Having said that, many people are using Hibernate in an environment where they have some data access via stored procedures or via some other kind of heterogeneous means. So we try very very hard to support access to data that’s hetergeneous, that’s coming from different places or is coming out of the database in different ways. And the way we’re doing this is not by hiding all that behind Hibernate, because in the end we’re trying to do one thing and we’re trying to do that well. How we’re trying to do it is by simple things like exposing the JDBC connection that Hibernate’s using to the user so that they can go and do anything they like.

Secondly, by allowing hooks into Hibernate. For example, one of the great things about Hibernate is that kind of unified model types, model of types of a property of a class. And we have a notion or a custom type, where the user can build their own custom type for a property of an object. A custom type can be used to create an association between an object, which is persisted by DAO, that uses direct JDBC stored procedures, yadda yadda yadda, LDAP, and can then become part of the object graph that the Hibernate application's loading. So that’s how we’re trying to address those things, currently.

You’re obviously very passionate about transparent persistence but what I’m hearing from the major vendors is that their customers aren’t asking for it; they just don’t seem to think it’s important and neither do certain factions within Sun. Why do you think transparent persistence is important?

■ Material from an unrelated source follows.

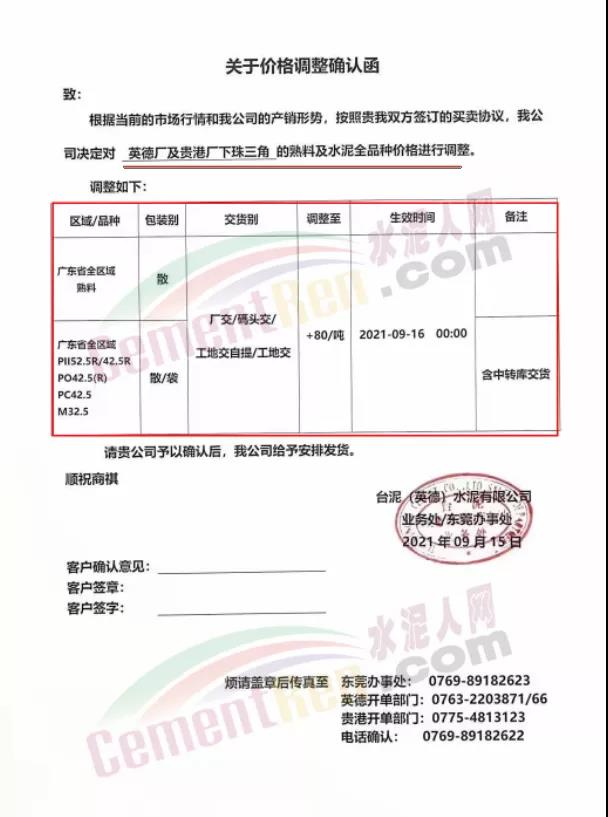 臺(tái)泥(英德)水泥有限公司通知,自9月16日0時(shí)起,英德廠及貴港廠下珠三角的熟料及水泥全品種價(jià)格上調(diào)80元/噸。

Firstly, to address the first part: that some vendor’s customers aren’t asking for that. Well, my view on that is that who are they defining as their customers? Are they defining their customers as the developers who work with their products day to day? Or are they defining their customers as the organizational people they go to when they sell an application? I don’t know the answer to that, but I’m raising that as a question, right. To me, it appears, the interest in Hibernate should demonstrate, that in fact, that developers are very, very, interested in the problem of transparent persistence.

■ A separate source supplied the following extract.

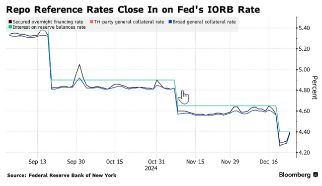 纽约联储周四公布的数据显示,截至12月24日,基于美国国债抵押回购市场的隔夜利率——担保隔夜融资利率(SOFR)从4.31%跃升至4.40%。这与4.40%的存款准备金率一致,表明银行年底对资产负债表的约束开始推高隔夜融资成本。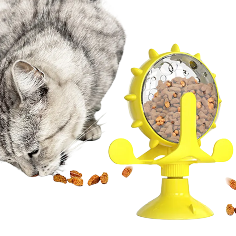 Interaktywna zabawka dla kota wyposażona w mocną przyssawkę, którą można zamocować na gładkiej powierzchni. Po dotknięciu łapką wiruje/obraca się, co natychmiast przyciąga uwagę i zachęca do zabawy. Transparentna kopuła zawiera elementy dzwoneczek, co dodatkowo stymuluje instynkt łowiecki i ciekawość kota.

Secondly, transparent persistence is important because, firstly it lets you concentrate on the business problem. And that’s very important. Transparent persistence forces the infrastructure implementer, or infrastructure vendor to not make you write too much code. A POJO is the simplest, in terms of LOC, the smallest object that you can write. And transparent persistence, saying that word forces us, as implementers of Hibernate to make sure that that’s all you need to write. So it’s important from that level. Secondly, it’s important from the level of portability. Code is not portable between EJB 1.1 and EJB 2.0 because the infrastructure gets its little fingers into the business model. Whereas the business model should be completely portable between Hibernate or JDO or Toplink. I might be making a bit too extreme a claim there, but potentially once you're talking about writing POJOs, you’re talking about building a system that can easily be ported to a new infrastructure. But also, a system that's easily testable, that's easily unit testable, a system that can run in a batch process or in some asynchronous listener.

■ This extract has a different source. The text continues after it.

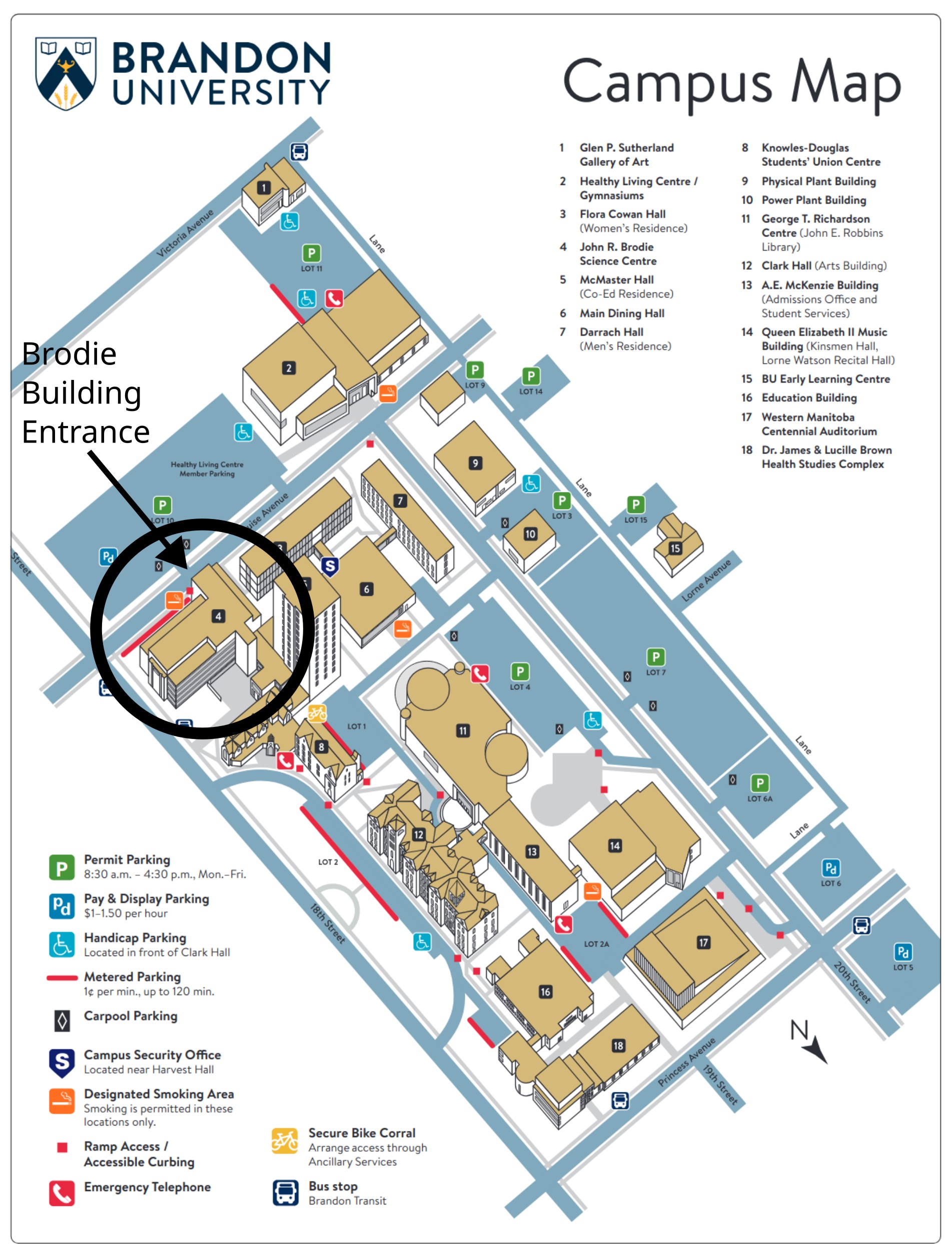Our talks are hosted at Brandon University on the 4th floor of the Brodie Building.

And all that stuff's really important. For some reason reusability is seen as an advantage of EJB. But in fact the lack of reusability is the disadvantage of EJB. POJOs are reusable. Things which implement interfaces or inherit stuff simply aren’t as reusable.

One of the reasons why transparent persistence may not be getting as much attention is because a lot people just aren’t writing domain models. Why do you think people are not yet adopting such a good object-oriented paradigm yet?

Firstly, not every application needs a domain model. There are lots of applications for which a domain model is absolute overkill. There are lots of applications for which a view of sets of data coming out of the database is absolutely appropriate. And there’s all kinds of good tools in Java, in the open source community, for writing that kind of application well, things like the Spring Framework give you great ways of getting away a bit from very messy JDBC code, but writing those kind of applications which pull some stuff form the database and display it on the screen, or insert a row of data into the database. You don’t need a domain model to do those kinds of things.

On the other hand, there's a whole other class of applications where we do significant business logic. And I should come back and say, really that’s not all applications. One of the problems is that a lot of books you read about Java assume, push on people the notion that they need to abstract their business logic out from their presentation logic. But if you’re not doing sufficient business logic you don’t need to make that level of abstraction.

But there are some applications which need to do that. For those kind of applications, I think, unfortunately, because of the lack of a really good way of doing transparent persistence, that in itself, has pushed people away from using domain models, from using simple POJO-oriented domain models. One of the fundamental aspects of the domain model is it gets persisted to a relational database, in 98% of Java applications. Not being able to do that efficiently hinders the adoption of that way of building applications.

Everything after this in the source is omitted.